Now, you all keep talking about the rasberry, blackberry, and mulberry plants/trees/leaves, but what about the fruits off of them? Is there anything to be said about crabapple?


----------



## PatriotSurvival

I personally eat & feed My rabbits Canna Lily


----------



## tentance

I'm working on a full list of everything that i can think of to keep the rabbits nutritionally healthy, yet cut feeding costs. My new plan is to buy pure alfalfa pellet (high protein, not too expensive) and add to that the things in this list. 
It can be tough because most of the books on "weeds" are usually for the SE parts of the US, and a lot of those plants don't grow here. like lamb's quarters, alfalfa, dandelions, etc.

The nutritional makeup up a rabbit's complete diet is a large subject best explored in another post. This is meant to be just a list of safe plants, along with a list of common but unsafe plants.
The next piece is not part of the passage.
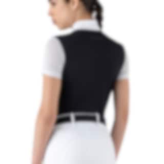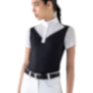 Designen på den här tävlingsskjortan är både elegant och svalkande, med vit, stretchig mesh på bröstet och ärmarna som ger en fräsch och luftig känsla. För en extra touch av lyx pryds tävlingsskjortan med Equilineloggan baktill i nacken och subtila glitterdetaljer framtill i en v-formation.

Starred items I have personally fed my rabbits with no ill effects.

*Grassy Types *
Banana leaves*
Rye*
Bamboo*
Yellow Nutsedge*
Bahia*
Plantain*
Sunflower
Sorghum*
Pampas Grass
Fountain Grass
Kenaf

*Legume Types*
Cowpea leaves*
Peanut leaves*
Black Turtle bean leaves*
Green runner bean leaves*
Desmodium spp. leaves*

*Herb Types*
Spanish Needle (Bidens alba)*
Soap Ginger*
Cardamom Ginger
Purslane*
Sweet potato leaves*
All Rosaceae family, including blackberry*, raspberry, pears*, and roses
Sycamore*
Maple*
Hibiscus*
Mulberry
Citrus leaves
Persimmon leaves*
Canna leaves*
Squash spp.*
Carrot leaves*
Cilantro*
Rosemary
Basil
Parsley*
Lemongrass
Oregano
Sage
Prickly Pear (spines removed)
Pusley, Brazilian* and Floridian*
Violet Woodsorrel (In small quantities)


*Unsafe but common plants*
Oak trees and acorns
Crinum
Century plant
All Prunus species including Cherry Laurel (fruit may be safe, pits are not)
Chinaberry Tree
4 O'Clocks
Taro, Dasheen, Elephant Ear
Caladium
Amaryllis
Gladiolus
White Potato Greens
Oleander
Tomato plants
Crape Myrtle
Lantana
Privet
Frangipani
Rhoeo spathacea Steam (syn. R. discolor Hance)
Oyster plant
Moses-in-a-Boat (Purple Heart)
Rain lily

*Unknown Toxicity Status*
Heliconia
Ixora
Hydrangea
Ferns
Bromeliads
Palmetto
Cabbage Palm
Crepe Myrtle
Loquat
Fig
Pine needles
Stargazer or Daylily
Kiwi
Muscadine grape
Orange Honeysuckle
Yucca spp.
Mexican Creeper
Passionflower
Magnolia
Allamanda
Confederate Jasmine
Wisteria
Dog Fennel
Liriope
Peace Lily
Periwinkle
Mexican Petunia
Air Potato
Mimosa
Acacia spp.
Begonia spp.
Cypress spp.
Pecan leaves
Prickly sida, Sida spinosa

Rabbits turn weeds into fertilizer, just think of the possibilities...​


----------



## Terri

MIL had wonderfull flower beds and she never had to do anything but water them! 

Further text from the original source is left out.